Our standard of review is well-settled. On appeal, we review the evidence in the light most favorable to the Commission’s decision and affirm if the decision is supported by substantial evidence. Frances v. Gaylord Container Corp., 341 Ark. 527, 20 S.W.3d 280 (2000). Evidence is substantial if reasonable minds could reach the same conclusion. Id. When the Commission denies benefits because the claimant has failed to meet his burden of proof, we affirm the Commission’s decision if the decision displays a substantial basis for the denial of relief. Id.

To be compensable, an accidental injury must arise out of and in the course of employment. Ark. Code Ann. § ll-9-102(4)(A)(i) (Supp. 1999). Appellant testified that on September 4, 1998, a Friday, he sustained an injury to his back while lifting rebar and that the pain worsened on September 8, 1998, the Tuesday following Labor Day, when he entered the cab of a pickup truck at work and twisted his back. In support of appellant’s testimony, appellant’s supervisor testified about appellant reporting an injury to his back that occurred while working with rebar; however, the supervisor was unable to recall the date of appellant’s report. The Commission, discounting the supervisor’s testimony, found that appellant’s testimony was not credible and denied benefits because it concluded that his injury did not arise out of and in the course of his employment.

The Commission relied on the testimony of the company owner, who testified that while appellant reported the September 8, 1998, incident, appellant did not report an injury on September 4, 1998, and, contrary to appellant’s claim, his employees were not working with rebar that day. The owner also recalled that while reporting the September 8, 1998, incident, appellant had advised him that his back began bothering him at home on the previous Saturday. The owner also testified that appellant reported an injury on September 23, 1998, after working with rebar.

The Commission also noted that when appellant was examined by a physician on September 8, 1998, appellant failed to mention the September 4, 1998, incident in his written report of where and how the accident occurred, instead fisting September 8, 1998, as the date of the accident and writing, “Well I had a small ache started Saturday. When I got into our work truck this morning I twisted it the wrong way.” In a document dated October 8, 1998, appellant stated that the accident occurred on September 8, 1998, and wrote, “As I was getting up into the work truck I twisted my back in a manner where I injured my disk.”

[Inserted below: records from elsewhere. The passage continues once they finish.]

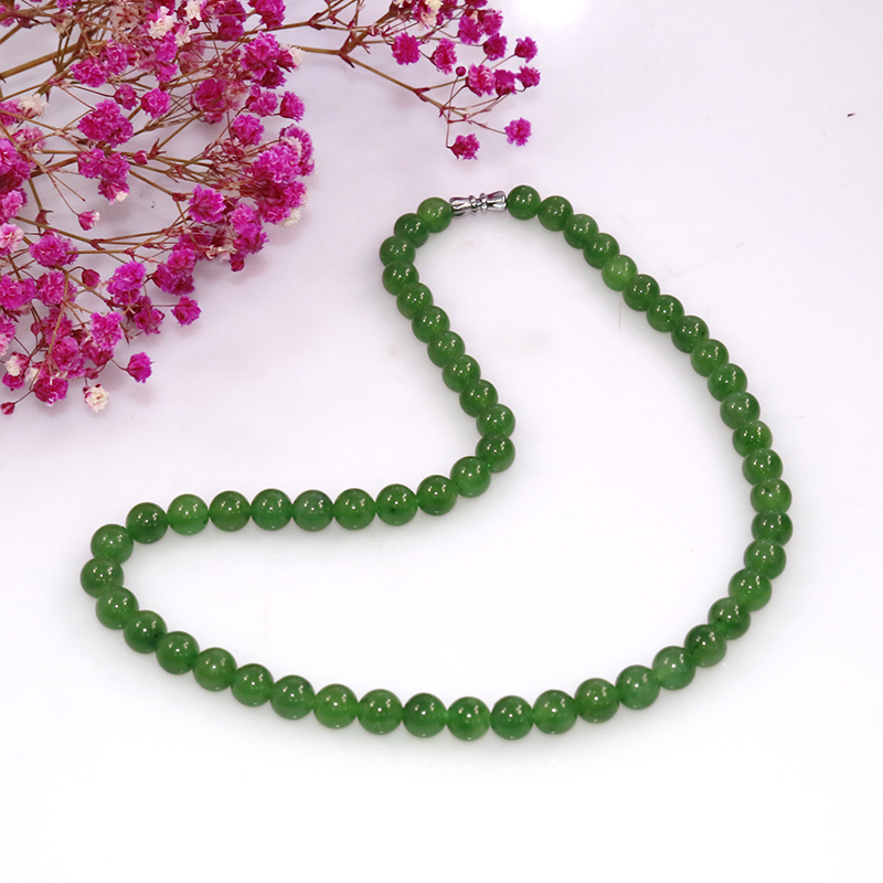 Chuỗi vòng cổ ngọc bích nephrit có nguồn gốc tự nhiên được sử dụng trong nhiều lĩnh vực khác nhau như trang sức, hay chế tác thành các tác phẩm nghệ thuật.
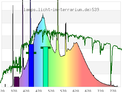 Whereas a spectrometer measures the intensity in every tiny wavelength interval resulting in thousands of individual intensities, the human eye only measures three intensities detected by the three cones. The same is true for the reptile eye with usually three or four photoreceptors. Effectively the detailled spectrum displayed above reduces to a much compacter bar graph displayed below. The photoreceptor sensitivites from these L-Cone, M-Cone, S-Cone, and U-Cone are used, they are chosen as an average of measured reptile photoreceptor sensitivity curves. The bar graph also shows as reference the intensity seen by the three or four photoreceptors for average sunlight (ASTM spectrum).
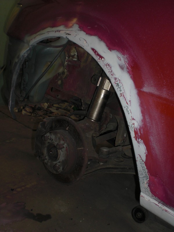 Und der Kotflügel vorn rechts hat im Zuge der Lackierung vom Frontbereich auch schon seine ersten Schichten Grundierung bekommen.
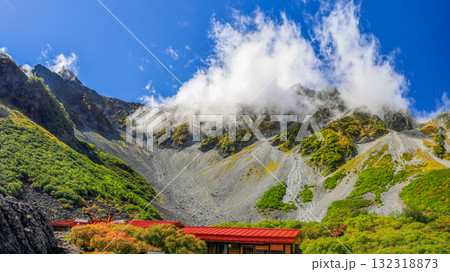 北阿爾卑斯山穗高山脈的唐澤,紅葉紛飛
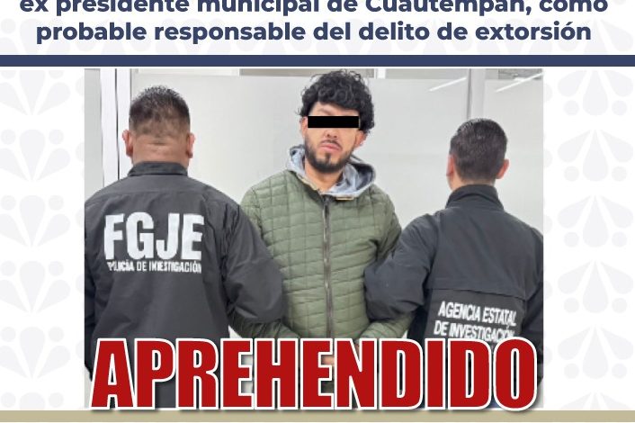 La Fiscalía General del Estado de Puebla, en colaboración con autoridades de Tlaxcala, detuvo a Gerardo N., ex presidente municipal de Cuautempan, acusado de extorsión agravada.
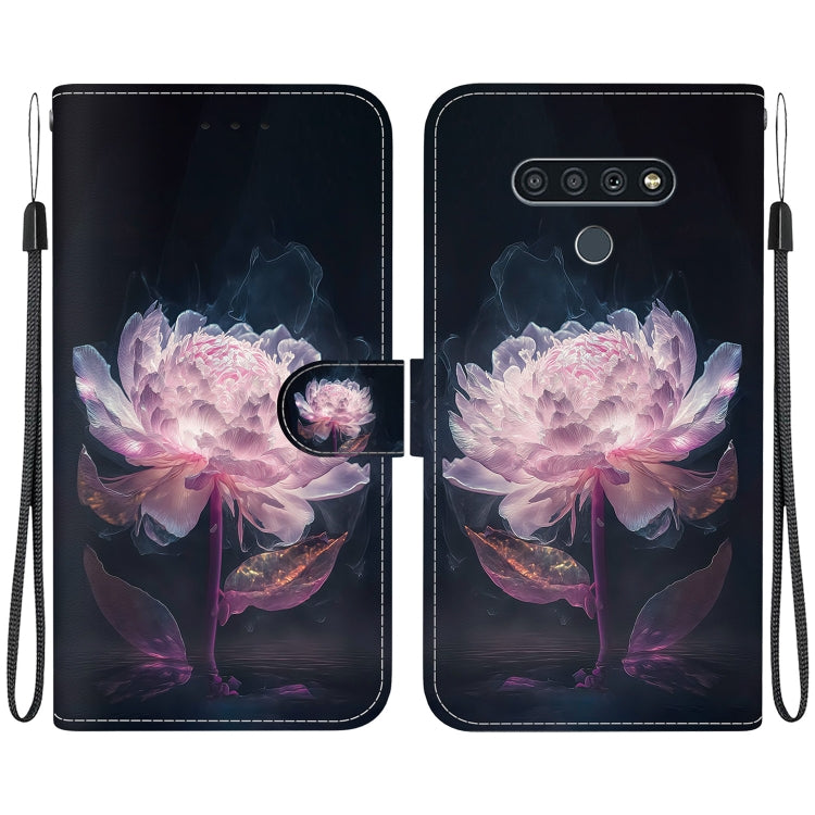 Funda de Cuero para LG Stylo 6 / K71 con Dibujo Coloreado y Textura de Cristal (Peonía Púrpura)
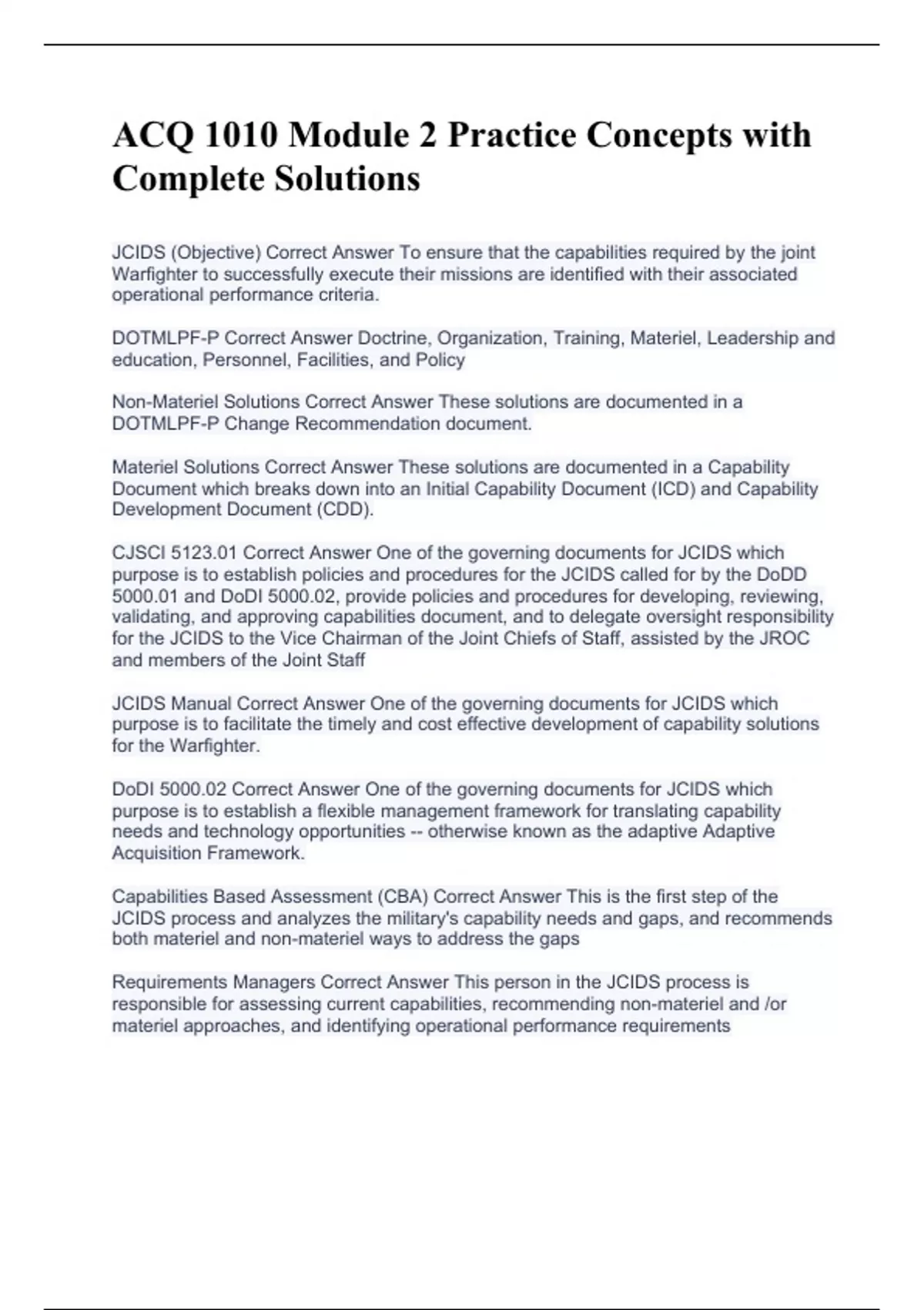 JCIDS (Objective) Correct Answer To ensure that the capabilities required by the joint Warfighter to successfully execute their missions are identified with their associated operational performance criteria. DOTMLPF-P Correct Answer Doctrine, Organization, Training, Materiel, Leadership and education, Personnel, Facilities, and Policy Non-Materiel Solutions Correct Answer These solutions are documented in a DOTMLPF-P Change Recommendation document. Materiel Solutions Correct Answer These solutions are documented in a Capability Document which breaks down into an Initial Capability Document (ICD) and Capability Development Document (CDD). CJSCI 5123.01 Correct Answer One of the governing documents for JCIDS which purpose is to establish policies and procedures for the JCIDS called for by the DoDD 5000.01 and DoDI 5000.02, provide policies and procedures for developing, reviewing, validating, and approving capabilities document, and to delegate oversight responsibility for the JCIDS to the Vice Chairman of the Joint Chiefs of Staff, assisted by the JROC and members of the Joint Staff JCIDS Manual Correct Answer One of the governing documents for JCIDS which purpose is to facilitate the timely and cost effective development of capability solutions for the Warfighter. DoDI 5000.02 Correct Answer One of the governing documents for JCIDS which purpose is to establish a flexible management framework for translating capability needs and technology opportunities -- otherwise known as the adaptive Adaptive Acquisition Framework.
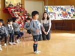 「好きな歌は何ですか?」「幼稚園で一番楽しかったことは何ですか?」「給食何が食べたいですか?」というインタビューに「はい!はい!は~い!」と元気に手を挙げて答えていたゆり組でした。ゆり組さんに見せたい!と毎日練習したジェスチャーゲームも披露しました。難問もたくさんあり、笑いに包まれました。
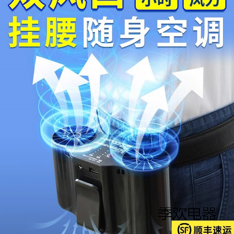 腰に掛けた扇風機、持ち運びに便利な小型屋外工事現場作業用腰ベルト、腰掛け式冷凍冷却加工品
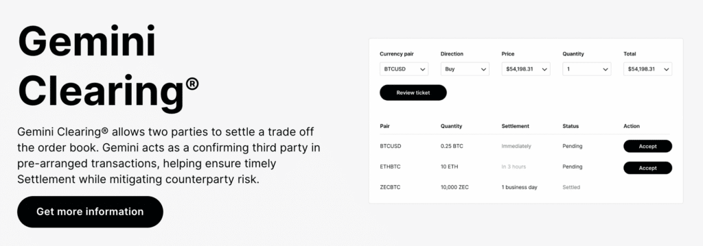 Another unique feature of the Gemini platform is Gemini Clearing. This feature allows two parties to basically trade with each other directly with Gemini acting as the trusted third-party. Neither of the trading parties know about each other. Their details are only known to Gemini.
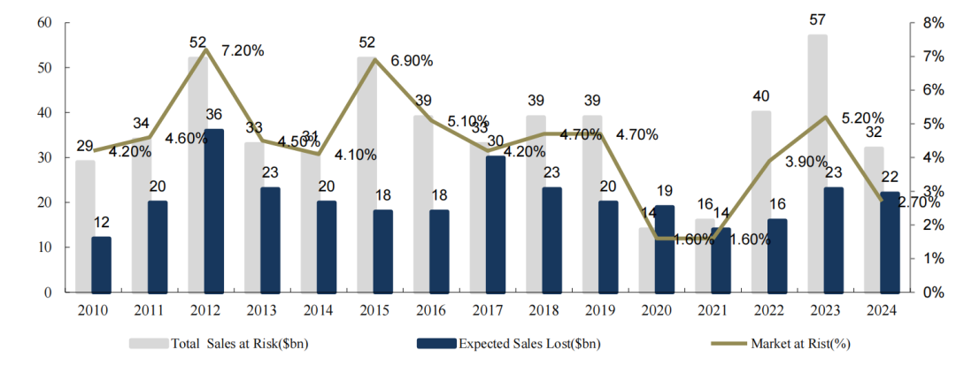 當專利過期後,由於仿製藥企業的集中入局,將會造成該款創新藥價格大幅下降,此前的市場規模也將大幅蒸發,這種由專利到期引發的銷售額驟降被成為專利懸崖。

The Commission further noted that in a letter dated October 16, 1998, appellant’s attending neurosurgeon reported that appellant’s injury occurred “after he had been bending and picking up stainless steel pipe, metal rods and casings all day,” and that “[sjhortly after completing this he went to climb into the truck when he felt the pop in his lower back.” The certificate of the attending neurosurgeon, dated December 18, 1998, noted that the accident occurred September 8, 1998. In a letter dated December 28, 1998, the neurosurgeon wrote that appellant “relates his pain to a work accident that occurred several weeks ago. In the process of moving a concrete finishing machine, he felt a pop and burning type pain in his low back.” In his deposition of April 21, 1999, the neurosurgeon reported that appellant twisted or wrenched his back while using a motor-driven concrete finisher and that he attributed appellant’s injury to the use of the finisher.

The Commission concluded as follows:

The evidence shows that the claimant subsequently stated that he hurt his back lifting rebar on September 4, 1998; that he twisted his back on September 8 after a small ache the previous Saturday; and that he in fact hurt his back while lifting rebar on September 23, 1998[,] rather that September 4. The claimant later said that his compensable injury arose from picking up material all day on an unspecified date, and later that the compensable injury resulted from working with a concrete finishing machine. In comparing the varied and multiple accounts of an accidental injury alleged by the claimant with the preponderance of credible evidence of record, we must find that the claimant is not credible. Therefore, we find that the claimant failed to show that he sustained an accidental injury which arose out of and in the course of his employment with the respondent-employer.

Viewing the evidence in the light most favorable to the Commission’s decision, the Commission’s assertion that appellant’s testimony is not credible is a conclusion that reasonable minds could reach. Based on this conclusion, and particularly focusing on appellant’s report that his back began hurting on Saturday, September 5, 1998, appellant failed to establish that he sustained an accidental injury that arose out of and in the course of his employment. Thus, we hold that substantial evidence supported the Commission’s denial of benefits. See Frances, supra (reversing this court and upholding the Commission’s denial of benefits where claimant reported incidences other than the accident occurring at work as the cause of his injuries).

Affirmed.

Robbins, C.J., and Jennings, Crabtree, and Meads, JJ., agree. Griffen, J„ dissents.